Problem details: From the listing below, please restate exactly the lines beginning at the one with "A small, weathered" and ending at the one with "Схема информационного обеспечения", both included, and skip the pictures.

Data listing:
━━━━━━━━━━
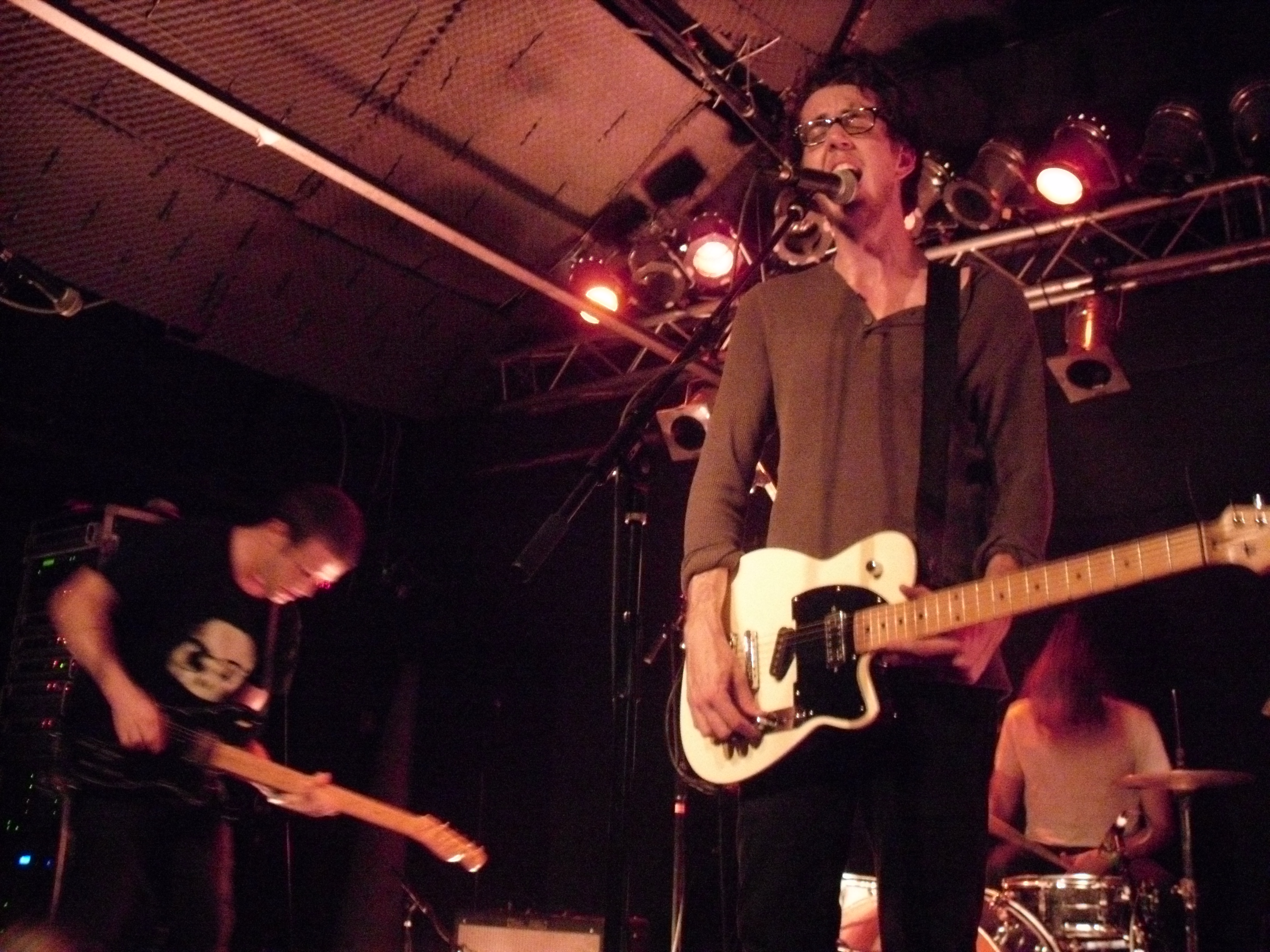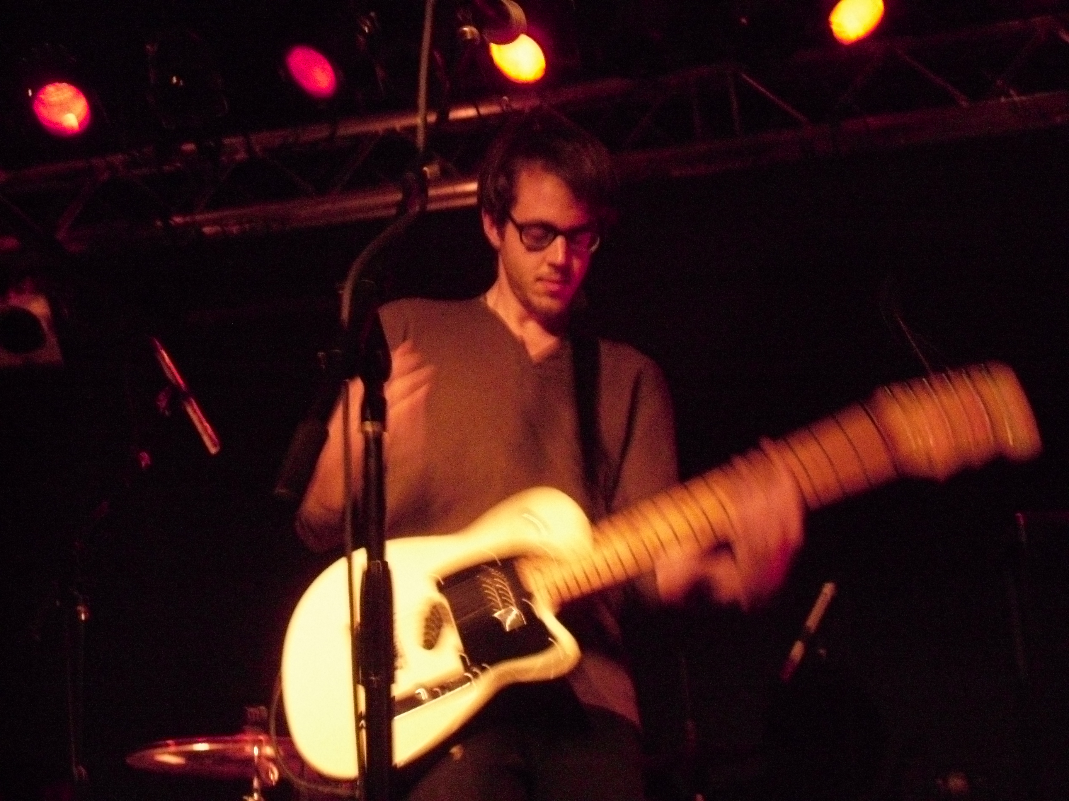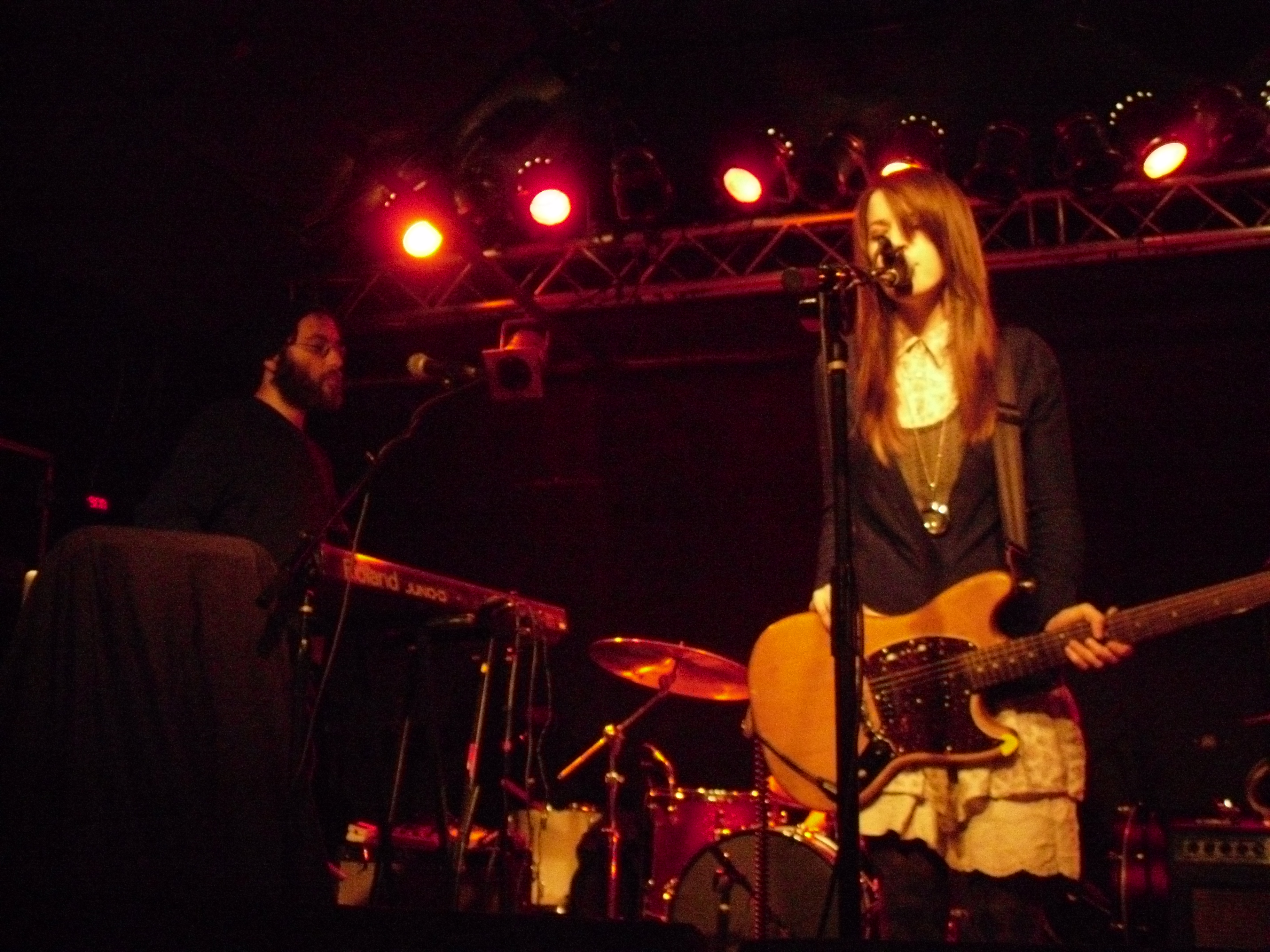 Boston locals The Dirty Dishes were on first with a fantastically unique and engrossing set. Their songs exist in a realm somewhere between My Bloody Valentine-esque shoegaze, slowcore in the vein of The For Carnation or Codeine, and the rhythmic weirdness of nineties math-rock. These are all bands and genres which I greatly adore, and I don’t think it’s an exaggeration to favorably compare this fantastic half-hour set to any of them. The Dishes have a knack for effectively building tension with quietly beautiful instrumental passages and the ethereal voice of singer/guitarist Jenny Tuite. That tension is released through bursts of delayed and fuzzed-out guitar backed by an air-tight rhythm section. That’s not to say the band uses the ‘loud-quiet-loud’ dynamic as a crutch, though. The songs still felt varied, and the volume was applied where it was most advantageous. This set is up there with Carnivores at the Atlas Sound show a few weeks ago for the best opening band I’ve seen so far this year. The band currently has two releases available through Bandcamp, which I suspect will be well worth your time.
━━━━━━━━━━
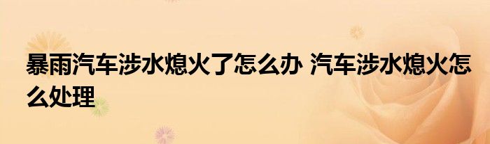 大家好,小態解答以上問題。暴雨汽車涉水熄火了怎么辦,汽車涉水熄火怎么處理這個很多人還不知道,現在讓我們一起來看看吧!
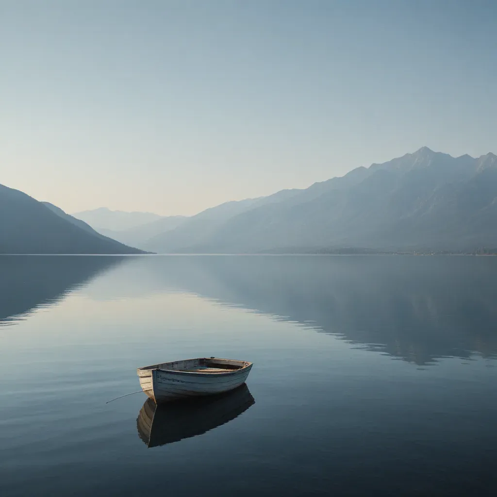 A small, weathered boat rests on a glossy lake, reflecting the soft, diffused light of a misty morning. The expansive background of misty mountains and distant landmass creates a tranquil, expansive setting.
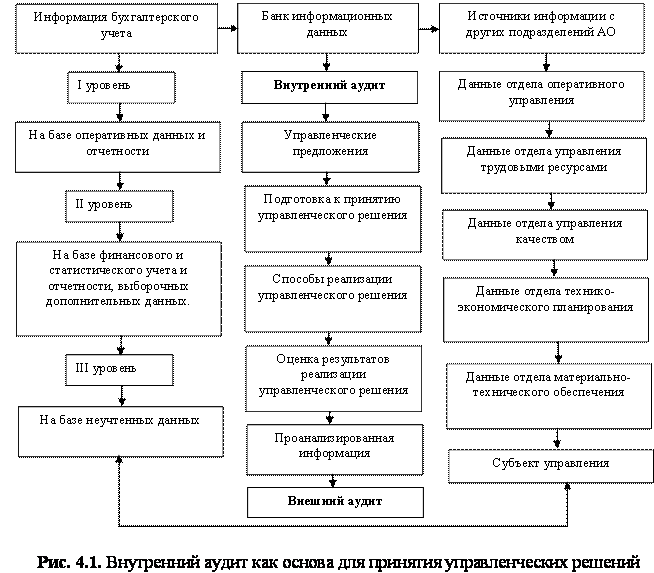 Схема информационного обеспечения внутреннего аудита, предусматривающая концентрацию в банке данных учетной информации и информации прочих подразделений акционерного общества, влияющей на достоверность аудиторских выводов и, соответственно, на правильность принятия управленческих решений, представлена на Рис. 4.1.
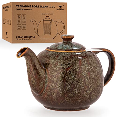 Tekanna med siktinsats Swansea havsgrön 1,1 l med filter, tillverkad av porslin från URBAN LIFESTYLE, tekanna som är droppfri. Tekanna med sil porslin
━━━━━━━━━━
Response below:
 A small, weathered boat rests on a glossy lake, reflecting the soft, diffused light of a misty morning. The expansive background of misty mountains and distant landmass creates a tranquil, expansive setting.
 Схема информационного обеспечения внутреннего аудита, предусматривающая концентрацию в банке данных учетной информации и информации прочих подразделений акционерного общества, влияющей на достоверность аудиторских выводов и, соответственно, на правильность принятия управленческих решений, представлена на Рис. 4.1.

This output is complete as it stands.